I think there's a lot of work to be done still at unimodal, a lot of work to be done in text. LLM AI does a lot of work on images, and maybe not to talk about Chang's work all the time, but just this morning, I was just earlier, I was chatting with him about he's trying to train a large transformer on some time series other than text or images. And then semi collaborative, Stanford, Jeremy Irvin, Jose kind of poking at the corners of this. But I think a lot of people feel appropriately that there's a lot of work to be done still in unimodal. So I'm cheering that on. But then there's also a lot of work to be done in multimodal, and I see work beyond text and images, maybe genome, maybe some of the time series things, maybe some the HR specific things, which maybe is kind of textbook kind of not, I think it was just about a year ago that check GP was announced. So who knows? Just one more year of progress, who knows where it will be.

Eric Topol (29:55):

Yeah.
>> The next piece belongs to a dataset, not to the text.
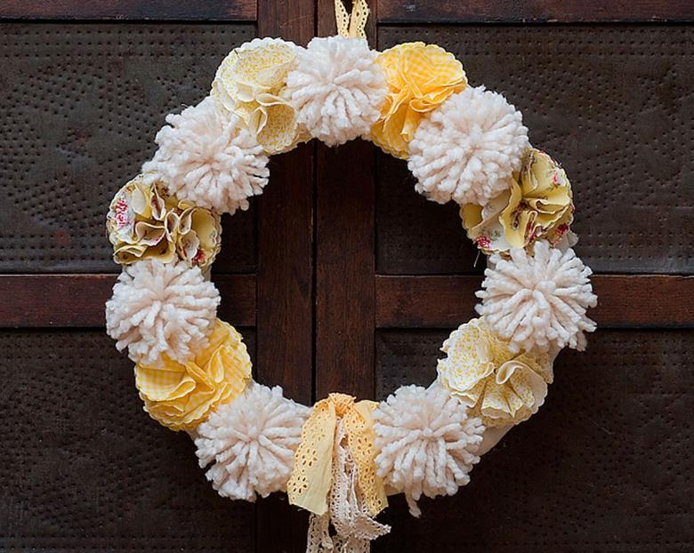 Vous pouvez faire une couronne inhabituelle avec des pompons. Il suffit de les attacher à un filet de construction que vous découpez à l'aide d'un modèle. Terminez en attachant l'objet artisanal à un cadre et en le suspendant.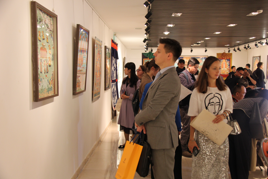 作為“西藏文化周”的重要活動(dòng)之一, “中國(guó)西藏·扎西德勒”唐卡精品展于當(dāng)晚同期開(kāi)幕。唐卡是中華民族藝術(shù)寶庫(kù)中彌足珍貴的非物質(zhì)文化遺產(chǎn),距今已有一千三百多年的歷史,用料考究,繪制復(fù)雜,色澤艷麗,經(jīng)久不退,被稱為“藏民族的百科全書”。本次展覽展出二十余幅具有代表性的精品唐卡佳作,內(nèi)容豐富、構(gòu)圖嚴(yán)謹(jǐn)、細(xì)致精微,神態(tài)生動(dòng)傳神,線條沉穩(wěn)細(xì)膩,色彩艷麗不俗,生動(dòng)詮釋了藏民族的非凡智慧,展現(xiàn)了唐卡獨(dú)特的魅力。當(dāng)晚,唐卡欽則派代表性傳承人白瑪達(dá)娃在現(xiàn)場(chǎng)開(kāi)展唐卡作畫、授課,引起在場(chǎng)嘉賓觀眾的驚嘆贊美和參與熱情!

Well, we know there will be continued progress, that's for sure. And hopefully as we've been discussing, there won't be significant obstacles for that. And hopefully there will be a truce between the two camps of the doomerism and optimism or somehow we're meet in the middle. But Andrew, it's been a delight to get your views on all this. I don't know how the OpenAI affair will settle out, but it does seem to be representative of the times we live in because at the same TED AI that you and I spoke at Ilya, spoke about AGI and that was followed onlhy a matter by days by Sam Altman talking about AGI and how OpenAI was approaching AGI capabilities. And it seems like this is, even though as you said, that there's a lot of different definition for AGI, the progress that's being made right now is extraordinary.

(30:57):

And grappling with the idea that there are certain tasks, at least certain understandings, certain intelligence that may be superhuman via machines is more than provocative. And I know you are asked to comment about this all the time, and it's great because in many respects, you're an expert, neutral observer. You're not in one of these companies that's trying to assert that they have sparks of AGI or actual AGI or whatever. So in closing, I think we look to you as , not just an expert, but one who has had such broad experience in this field and who has predicted so much of its progress and warned of the reasons that we would not continue to make that type of extraordinary progress. So I want to thank you for that. I'll keep reading Letters from Andrew. I hope everybody does, as many people as possible, should attend your “Generative AI for Everyone” course. And thank you for what you've done for the field, Andrew, we're all indebted to you.

Andrew Ng (32:17):

Thank you, Eric. You're always so gracious. It's always such a pleasure to see you and collaborate with you.